#### About this exercise:
All the lines below should be set down exactly, with no picture carried into the copy.

Extracted data entries:
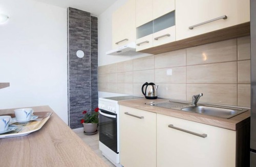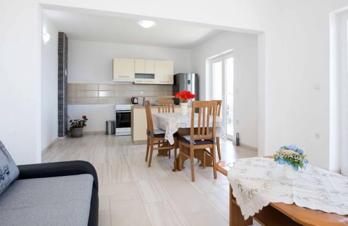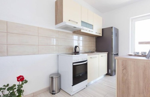 "Suzana", 2-room apartment 55 m2 on 1st floor. Living/dining room with 1 sofabed and satellite TV (flat screen), air conditioning. Exit to the balcony. 1 room with 1 double bed. Open kitchen (oven, 4 ceramic glass hob hotplates, toaster, kettle, freezer, electric coffee machine). Shower/WC. Air-conditioning (extra). No heating option. Balcony. Balcony furniture. Beautiful view of the sea. Facilities: iron. Internet (WiFi, free). Please note: non-smokers only. Max. occupancy: 2 adults, 1 child up to 18 years old.
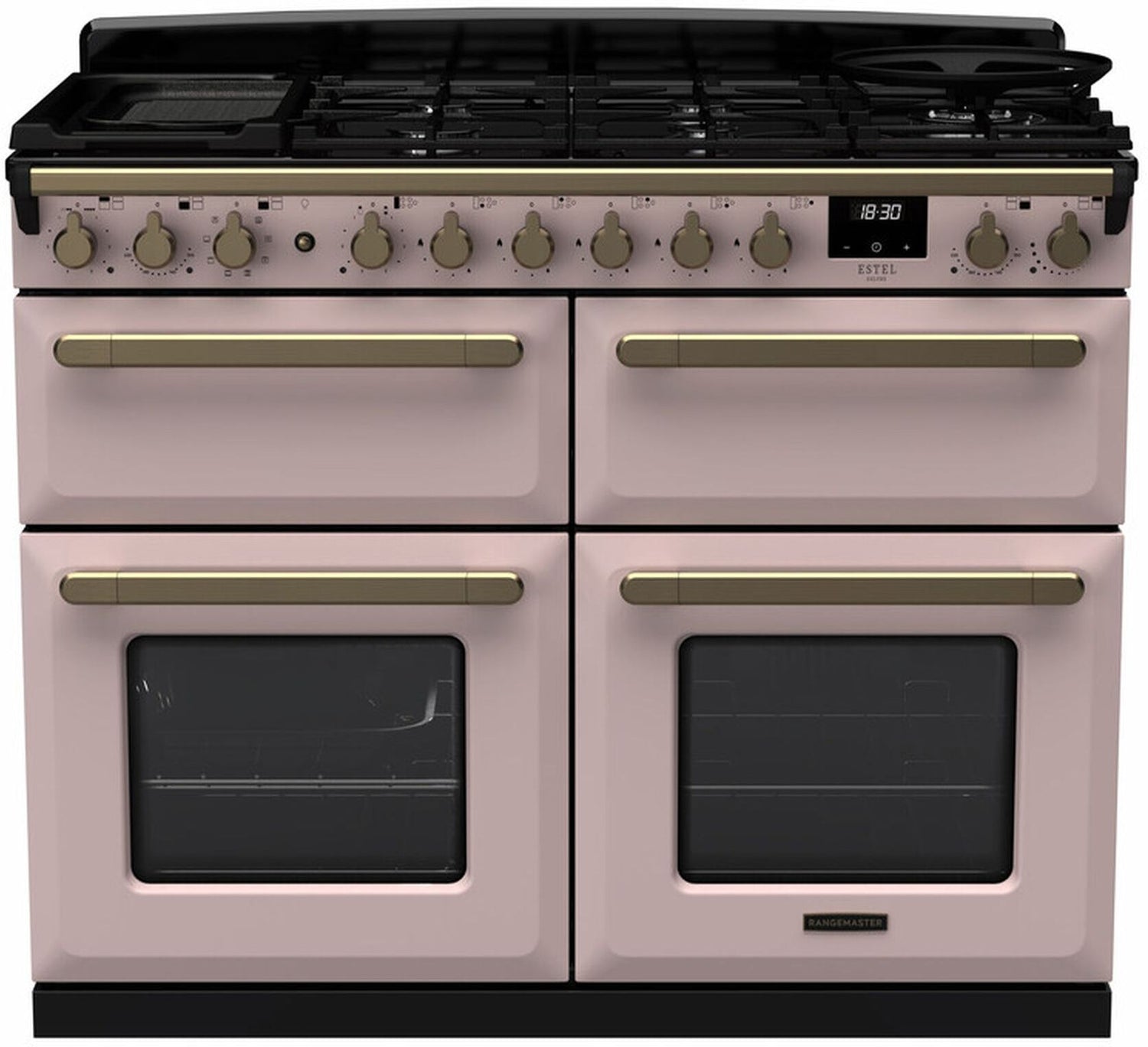 Rangemaster Estel Deluxe BC 110cm Wide Dual Fuel Range Cooker - Pale Pink / Antique Brass
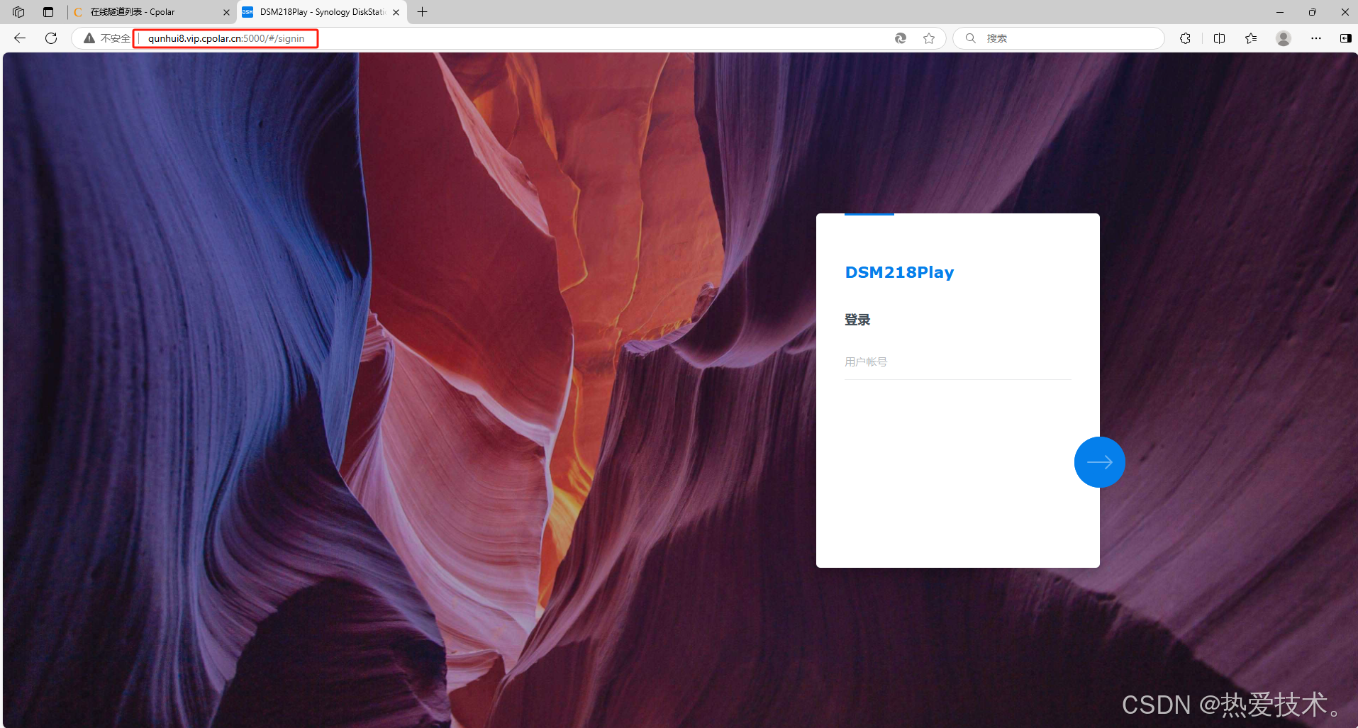使用任意一个固定公网地址在浏览器访问,可以看到访问成功,这样一个固定且永久不变的公网地址就设置好了,随时随地都可以远程访问本地局域网内的群晖及群晖Cloud Sync套件了!
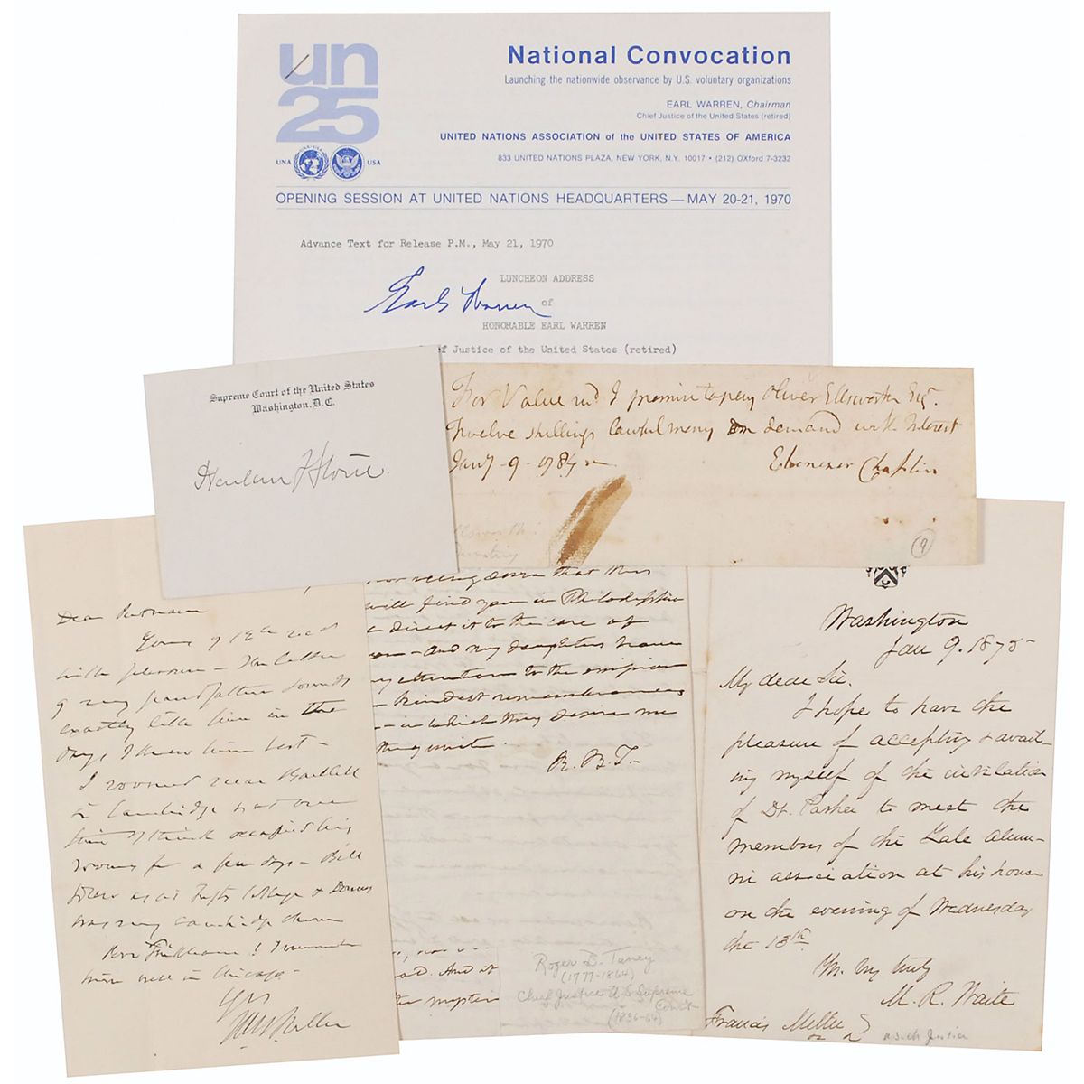 Collection of six items, each signed by a Supreme Court Chief Justice, including: Oliver Ellsworth (third-person ADS), Melville Fuller (ALS), Morrison Waite (ALS), Harlan F. Stone (signature), Roger B. Taney (ALS), and Earl Warren (press release). In overall fine condition.
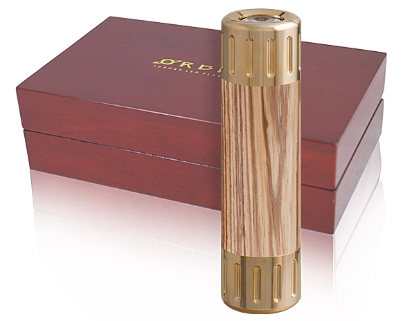 Orbita Flashlight F20113, Native to the Western Africa countries of Cameroon and Gabon, the Zebra-like appearance is due to the light colored sapwood in contrast to the dark colored grain. 24 Karat polished Gold plated end caps sandwich the hand-turned exotic bodies that identify the spectacular Goldlight series. There are five user-selectable lighting programs: High Beam, Medium Beam, Low Beam, Defense Strobe and S.O.S. Signal. Goldlight flashlights can also be custom ordered with leather, alligator, snakeskin or other unusual body covers. Body can be personalized with text, logos or images for promotional use or for special gift programs.
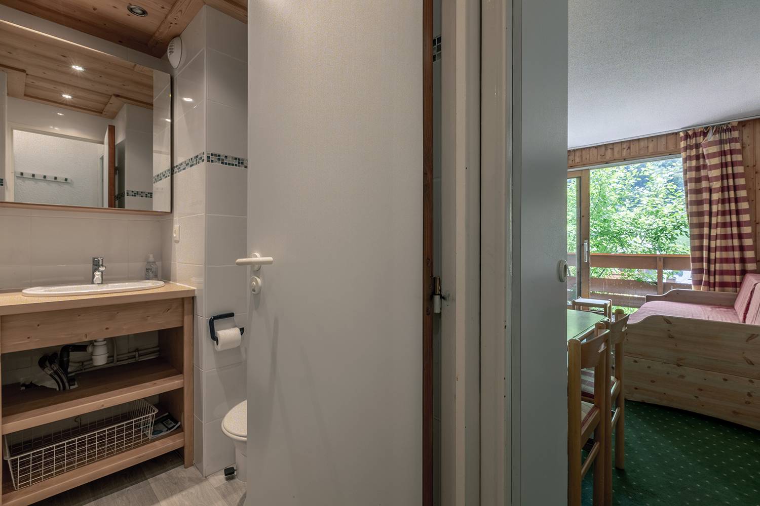 The living room with terrasse has two sofa beds (80x190), television. Sleeping area with a set of bunk beds (80x190). Equipped with electric hob, oven, dishwasher, toaster, kettle, coffee maker and refrigerator. Shower with toilet. Ski locker and a lift in the residence, one floor to walk. Non smoking apartment.
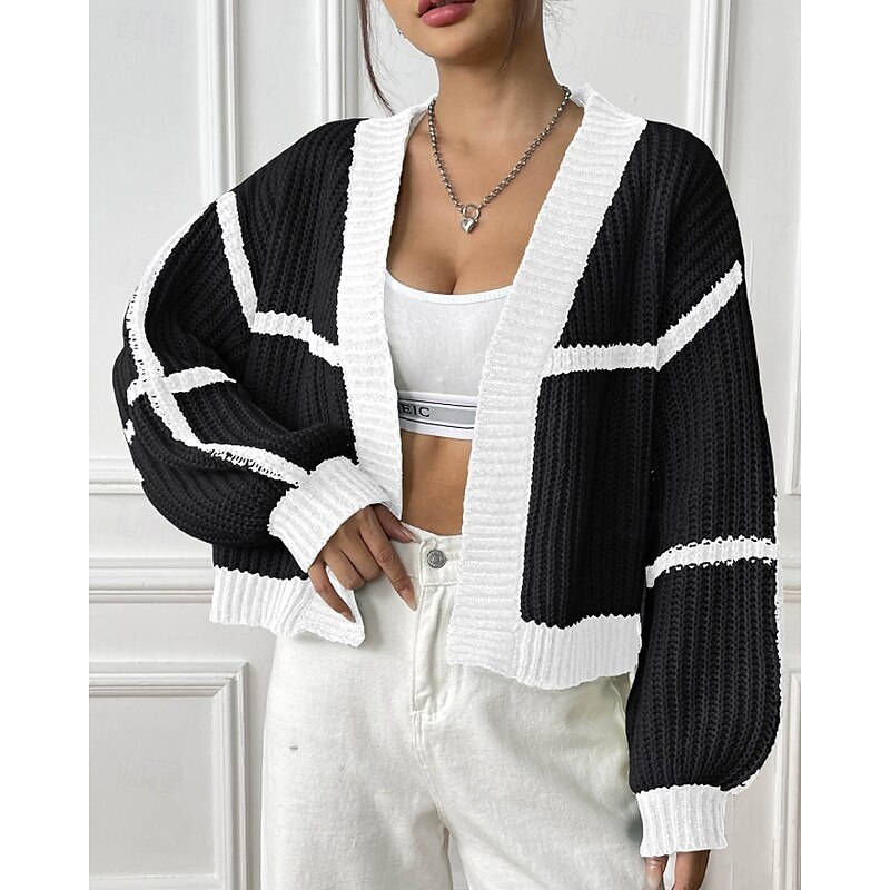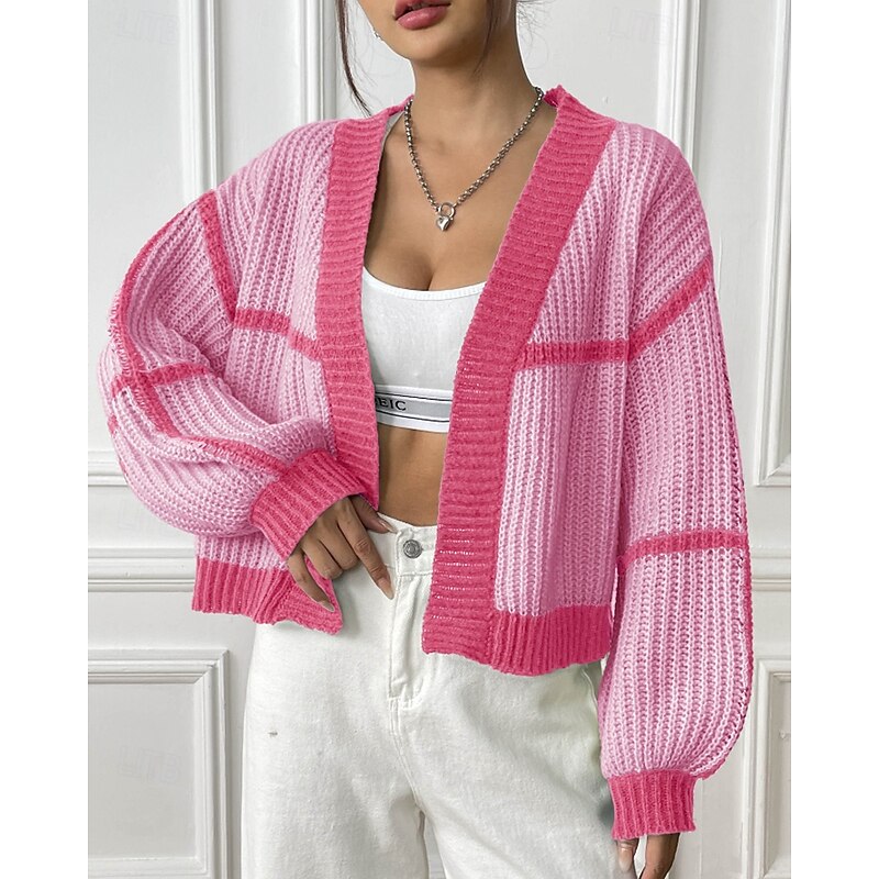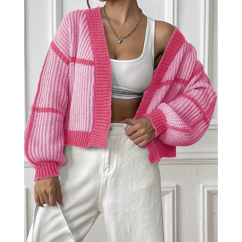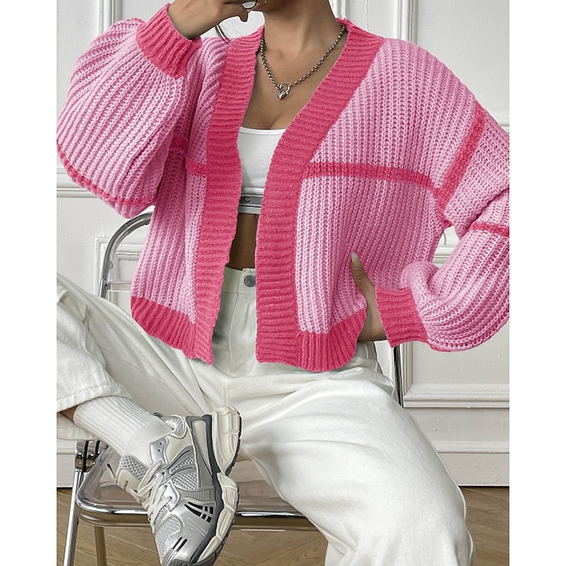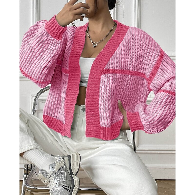 Women's Cardigan Fashion Color Block Ribbed Cowl Patchwork Knitted Long Sleeve Regular Tops Knit Holiday Going out Weekend Black Pink Fall 10
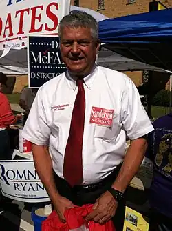 When incumbent Republican Jean Preston announced that she would not seek re-election to the NC Senate District Two seat, Sanderson announced that he would run for the position.[6] In the primary, he faced Randy Ramsey, a businessman from Beaufort, and Ken Jones who is mayor of Pine Knoll Shores.[7] Sanderson won the primary with 51.86% of the vote.[8] He goes on to face Democrat Greg Muse in the general election.[1]
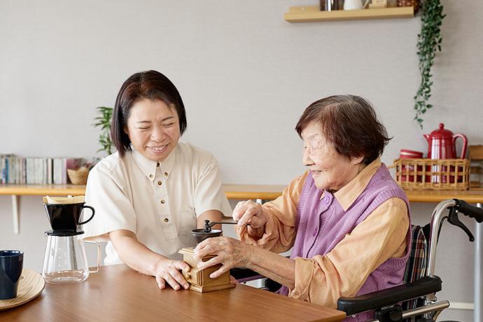 ご自宅と同じようにコーヒーは豆を挽いて ご入居者様の「やりたい意欲」を引き出す「自発支援®(※)」
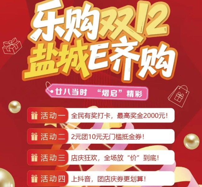 12月1日至31日,美团“乐购双12 盐城E齐购”活动持续在线!打开美团App搜索“盐城乐购双12”或扫描海报二维码,就能一键领取88元专属乐购券包。不管是想打卡必吃榜美食、点份放心外卖,还是计划周边游买景点门票、订舒适酒店,都能享受优惠,还有必玩榜、必住榜专属指南,帮你解锁盐城消费新风尚~

#### Expected answer:
 "Suzana", 2-room apartment 55 m2 on 1st floor. Living/dining room with 1 sofabed and satellite TV (flat screen), air conditioning. Exit to the balcony. 1 room with 1 double bed. Open kitchen (oven, 4 ceramic glass hob hotplates, toaster, kettle, freezer, electric coffee machine). Shower/WC. Air-conditioning (extra). No heating option. Balcony. Balcony furniture. Beautiful view of the sea. Facilities: iron. Internet (WiFi, free). Please note: non-smokers only. Max. occupancy: 2 adults, 1 child up to 18 years old.
 Rangemaster Estel Deluxe BC 110cm Wide Dual Fuel Range Cooker - Pale Pink / Antique Brass
使用任意一个固定公网地址在浏览器访问,可以看到访问成功,这样一个固定且永久不变的公网地址就设置好了,随时随地都可以远程访问本地局域网内的群晖及群晖Cloud Sync套件了!
 Collection of six items, each signed by a Supreme Court Chief Justice, including: Oliver Ellsworth (third-person ADS), Melville Fuller (ALS), Morrison Waite (ALS), Harlan F. Stone (signature), Roger B. Taney (ALS), and Earl Warren (press release). In overall fine condition.
 Orbita Flashlight F20113, Native to the Western Africa countries of Cameroon and Gabon, the Zebra-like appearance is due to the light colored sapwood in contrast to the dark colored grain. 24 Karat polished Gold plated end caps sandwich the hand-turned exotic bodies that identify the spectacular Goldlight series. There are five user-selectable lighting programs: High Beam, Medium Beam, Low Beam, Defense Strobe and S.O.S. Signal. Goldlight flashlights can also be custom ordered with leather, alligator, snakeskin or other unusual body covers. Body can be personalized with text, logos or images for promotional use or for special gift programs.
 The living room with terrasse has two sofa beds (80x190), television. Sleeping area with a set of bunk beds (80x190). Equipped with electric hob, oven, dishwasher, toaster, kettle, coffee maker and refrigerator. Shower with toilet. Ski locker and a lift in the residence, one floor to walk. Non smoking apartment.
 Women's Cardigan Fashion Color Block Ribbed Cowl Patchwork Knitted Long Sleeve Regular Tops Knit Holiday Going out Weekend Black Pink Fall 10
 When incumbent Republican Jean Preston announced that she would not seek re-election to the NC Senate District Two seat, Sanderson announced that he would run for the position.[6] In the primary, he faced Randy Ramsey, a businessman from Beaufort, and Ken Jones who is mayor of Pine Knoll Shores.[7] Sanderson won the primary with 51.86% of the vote.[8] He goes on to face Democrat Greg Muse in the general election.[1]
 ご自宅と同じようにコーヒーは豆を挽いて ご入居者様の「やりたい意欲」を引き出す「自発支援®(※)」
 12月1日至31日,美团“乐购双12 盐城E齐购”活动持续在线!打开美团App搜索“盐城乐购双12”或扫描海报二维码,就能一键领取88元专属乐购券包。不管是想打卡必吃榜美食、点份放心外卖,还是计划周边游买景点门票、订舒适酒店,都能享受优惠,还有必玩榜、必住榜专属指南,帮你解锁盐城消费新风尚~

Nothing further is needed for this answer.